2. Verify with squidpy¶
import squidpy as sq
# squidpy expects exactly this layout; no adapter needed.
sq.pl.spatial_scatter(gex, color="in_tissue", library_id="vis1")
sq.gr.spatial_neighbors(gex, library_id="vis1", coord_type="visium")
3. Subset to in-tissue spots¶
The reader keeps all barcodes from the tissue-positions file, including spots
where in_tissue == 0 (fiducials, background). Filter before downstream analysis:
gex_tissue = gex[gex.obs["in_tissue"] == 1].copy()

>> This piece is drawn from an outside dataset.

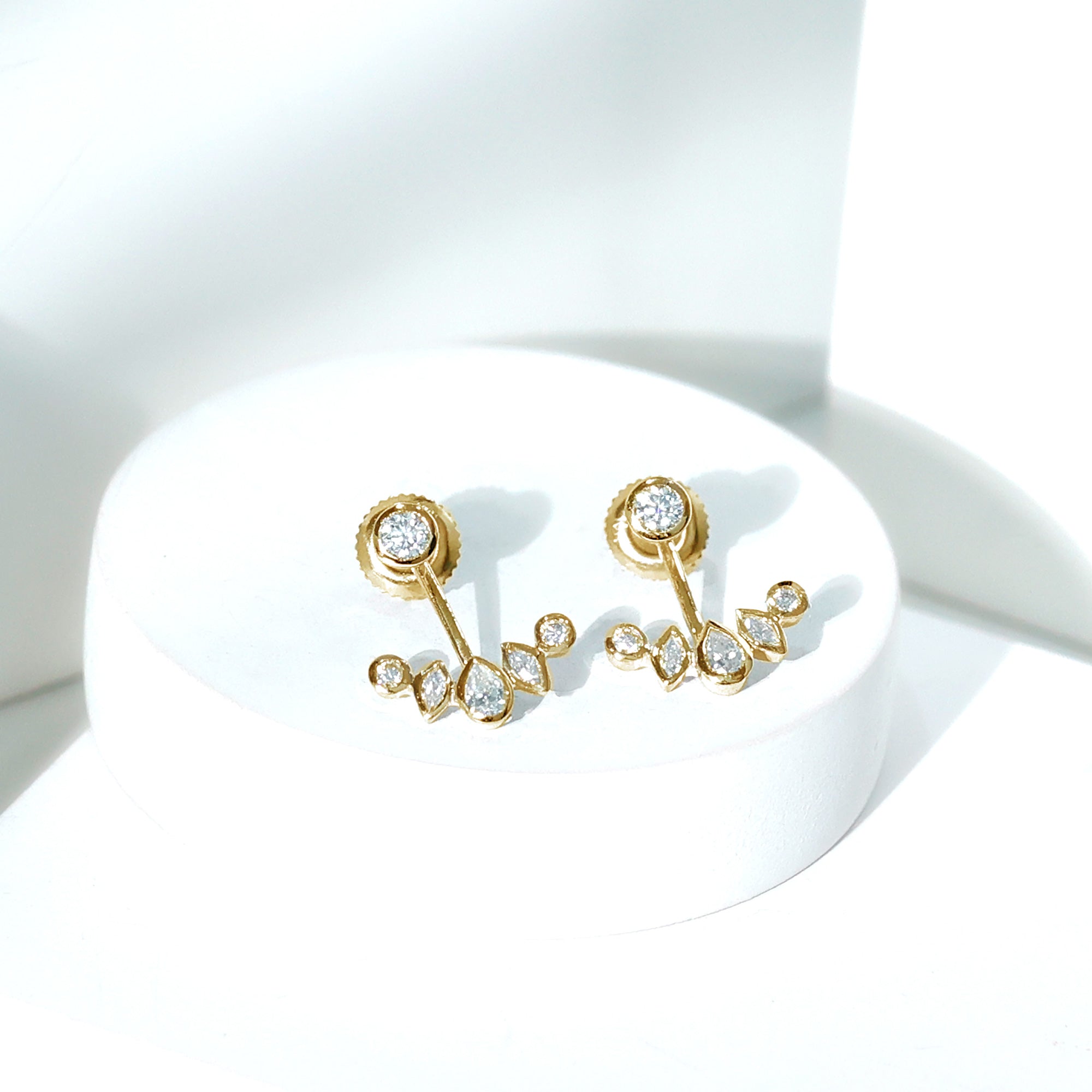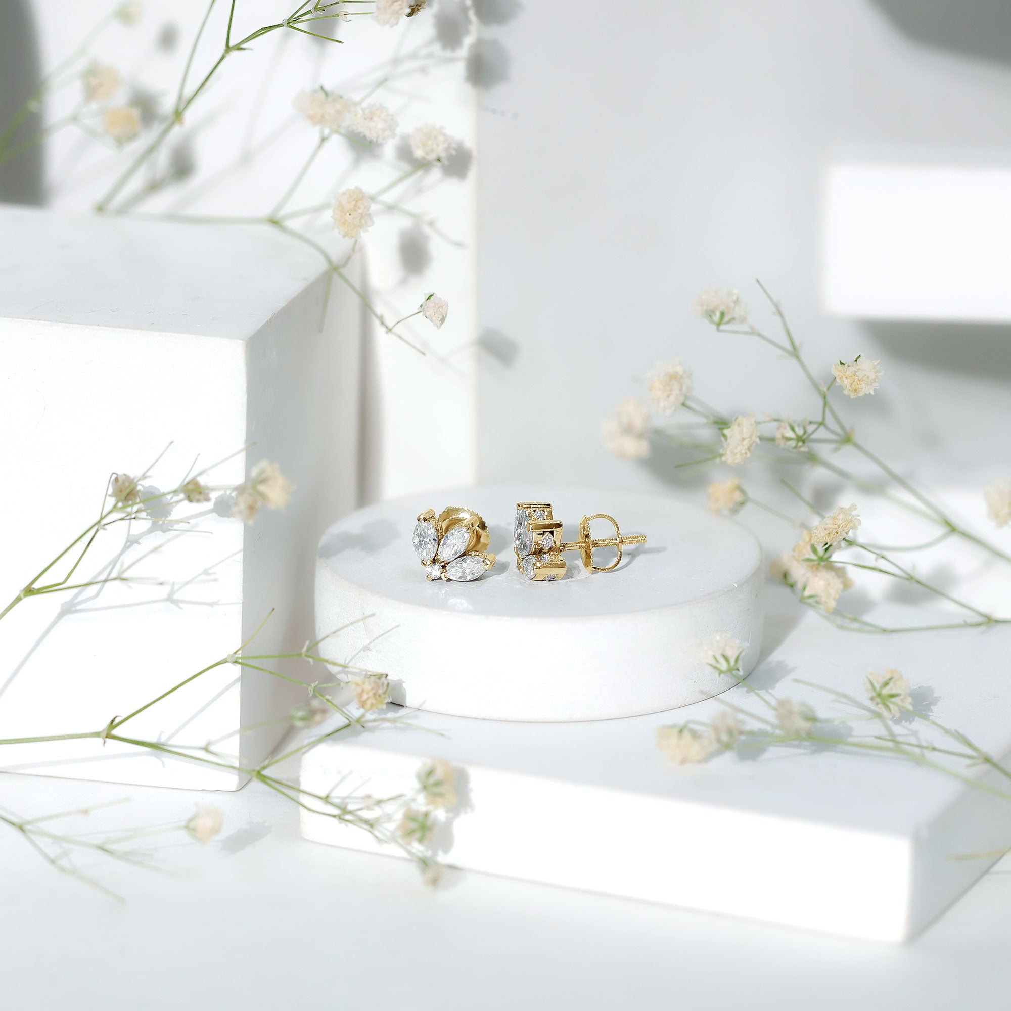 These stud earrings are available in various kind of shapes from simple round cuts to enchanting emerald, princess, or cushion cuts, they suit different personalities and tastes. For a contemporary flair, you can also go for the oval, pear, or marquise stud earrings, which effortlessly uplift your style. -

print(f"{gex_tissue.n_obs} in-tissue spots retained")
4. Multi-sample: mixed spatial and non-spatial¶
When some samples have tissue_positions and others do not, pass None for
the non-spatial slots:
gex = scs.io.read_starsolo_gene(
sample_dirs=["visium_sample", "dropseq_sample"],
sample_ids=["vis1", "ds1"],
tissue_positions=[
"visium_sample/outs/tissue_positions.csv",
None, # non-spatial sample; uses internal filtered/ whitelist
],
spatial_library_ids=["vis1", None],
)
The merged AnnData assigns sentinel values for non-spatial cells:
| Column | Spatial | Non-spatial |
|---|---|---|
obs["in_tissue"] |
0 or 1 |
-1 |
obs["array_row"] |
grid row | -1 |
obs["array_col"] |
grid column | -1 |
obsm["spatial"][i] |
pixel coords | (-1.0, -1.0) |
Filter to spatial cells only with adata[adata.obs["in_tissue"] >= 0].
5. Same pattern for the splicing and velocyto readers¶
The same tissue_positions= and spatial_library_ids= kwargs work identically
on read_starsolo (splicing) and read_starsolo_velocyto:
spl = scs.io.read_starsolo(
sj_dirs=["visium_sample/Solo.out/SJ"],
sample_ids=["vis1"],
tissue_positions=["visium_sample/outs/tissue_positions.csv"],
spatial_library_ids=["vis1"],
)
vel = scs.io.read_starsolo_velocyto(
sample_dirs=["visium_sample"],
sample_ids=["vis1"],
tissue_positions=["visium_sample/outs/tissue_positions.csv"],
spatial_library_ids=["vis1"],
)
# All three share obs_names → direct intersection
common = sorted(set(spl.obs_names) & set(gex.obs_names) & set(vel.obs_names))
spl, gex, vel = spl[common].copy(), gex[common].copy(), vel[common].copy()
Why not read from filtered/ for spatial?¶
STARsolo's Gene/filtered/barcodes.tsv is determined by an unsupervised
knee-point algorithm on per-barcode UMI counts. Visium spots in low-RNA
tissue regions (e.g. white matter in brain sections) can have UMI counts
below the knee and will be dropped by filtered/ — even though they are
valid tissue spots. The tissue-positions whitelist is derived from the
physical spot grid, which is the correct authority for Visium data.
When tissue_positions= is provided, every reader sources from raw/
(the full barcode set) and intersects with the spot whitelist. This
guarantees zero false negatives from the STARsolo filtering step.
See STARsolo readers and AnnData data layouts — whitelist precedence for the four-level precedence rule.